— Будешь.

Чармиан не ответила, словно не слышала. Она старалась показать, будто спокойна и примирилась с неизбежным.

— Мне кажется, он станет другим. Похоже, что на этот раз он действительно нашел работу, и, если все у него сложится хорошо, он переменится. Что касается меня, то я буду жить только Лорой, а это не так уж мало.

Я был так зол, что просто лишился дара речи.

Чармиан избегала встречаться со мной взглядом и глядела куда-то в сторону, опасаясь, что не сможет выдержать до конца. Пятна румян на ее бледных щеках были похожи на пятна краски на вощеной бумаге.

Наконец я заговорил.

— И давно ты это решила?

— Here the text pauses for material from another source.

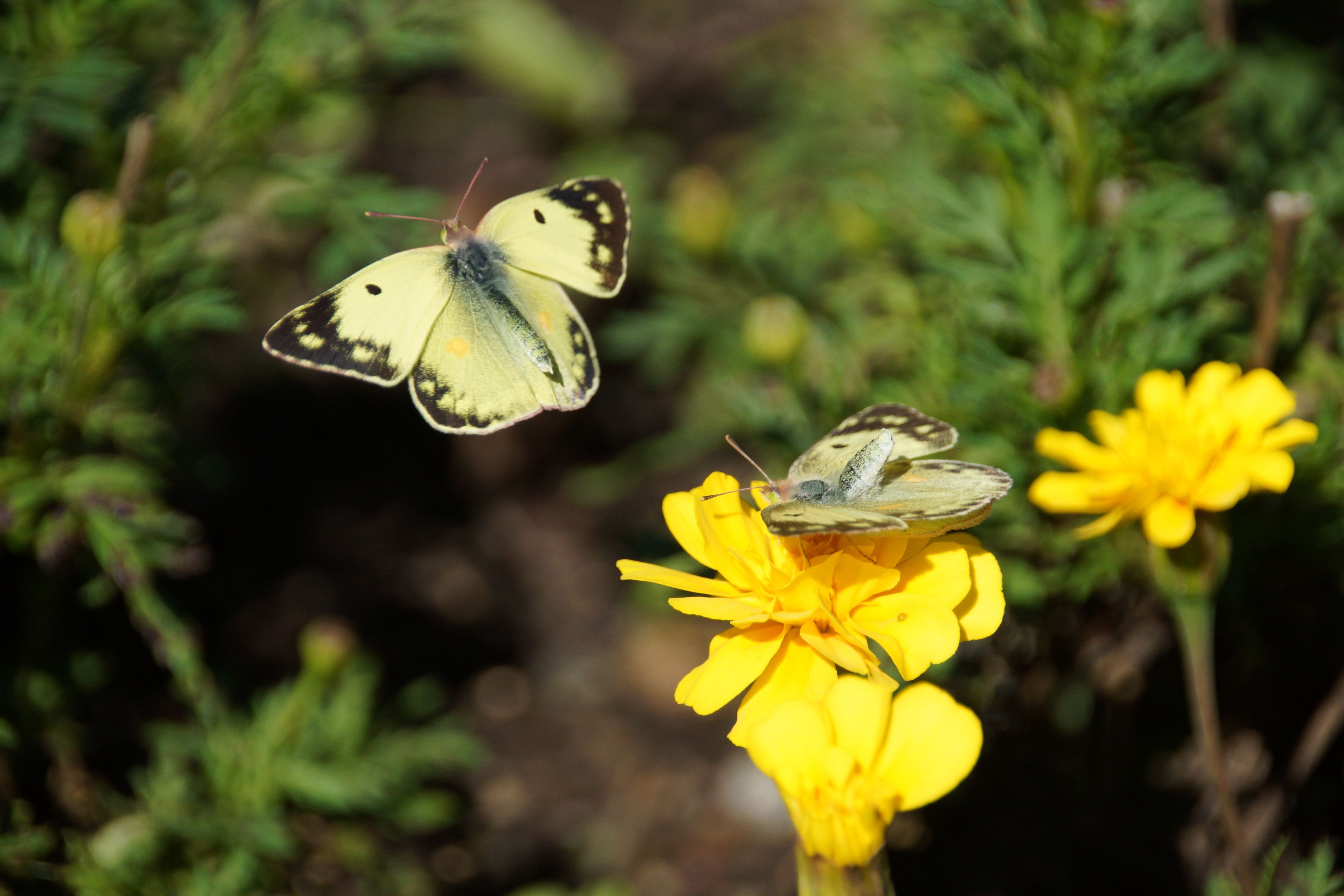 一羽の蝶々が花に止まっている蝶々の周りを飛んだり横に止まったりを繰り返していましたが 昆虫は詳しくありませんが、素人の自分でも求愛行動にみえるのですが… どうなんでしょう?

Часа три назад, не больше? Тебе это решение кажется сейчас таким великодушным, таким правильным! Ну так слушай. Завтра оно тебе тоже покажется правильным, но о великодушии тебе уже не захочется думать, а к концу недели тебе станет страшно от того, что ты натворила. Ты упорней многих других, но даже ты не выдержишь той жизни, на которую себя обрекаешь. Ты прекрасно знаешь, что Эван не станет другим. Знаешь или нет? Если ничто не могло изменить его раньше, то ничто не изменит и теперь.

— Ничего не надо сейчас говорить, — остановила меня Чармиан. — Обсуждать бесполезно. И потом, очень поздно, я просто не знаю, как доберусь домой.

— Ты никуда не поедешь. В это время такси уже не найдешь. Я позвоню Эвану и скажу, что ты ночуешь у меня.

Она пожала плечами и, не сказав больше ни слова, ушла в спальню Хелены.

Утром за завтраком она была молчалива. Для нее началась новая жизнь, и ей не нужна была моя помощь.

Дважды я попытался завести разговор об Эване, но она тут же пресекала мои попытки. Только, когда я пошел проводить ее до автобусной остановки, она позволила мне наконец сказать то, что я хотел, но выслушала меня с той снисходительной вежливостью, с какой платная компаньонка выслушивает глупую болтовню своей выжившей из ума хозяйки.

— Хватит, — решительно сказала она. Мы стояли на остановке в мокром белом тумане и ждали автобуса. — Я не хочу больше слушать. Знаешь, мне кажется, будет лучше, если мы какое-то время не будем видеться. Пока у меня не наладится все, а ты не привыкнешь к новой ситуации.

Она отвернулась, но я знал, что краем глаза она наблюдает за мной.

И все-таки я попробовал еще раз.

— Ты считаешь, так тебе будет легче?

— Не надо быть таким жестоким, — сказала Чармиан.

Я продрог и чувствовал себя глубоко несчастным. От жалости к самому себе я вдруг страшно обозлился и на себя и на Чармиан.

— Ты похожа на больную кошку, которой хочется забиться подальше в темный угол.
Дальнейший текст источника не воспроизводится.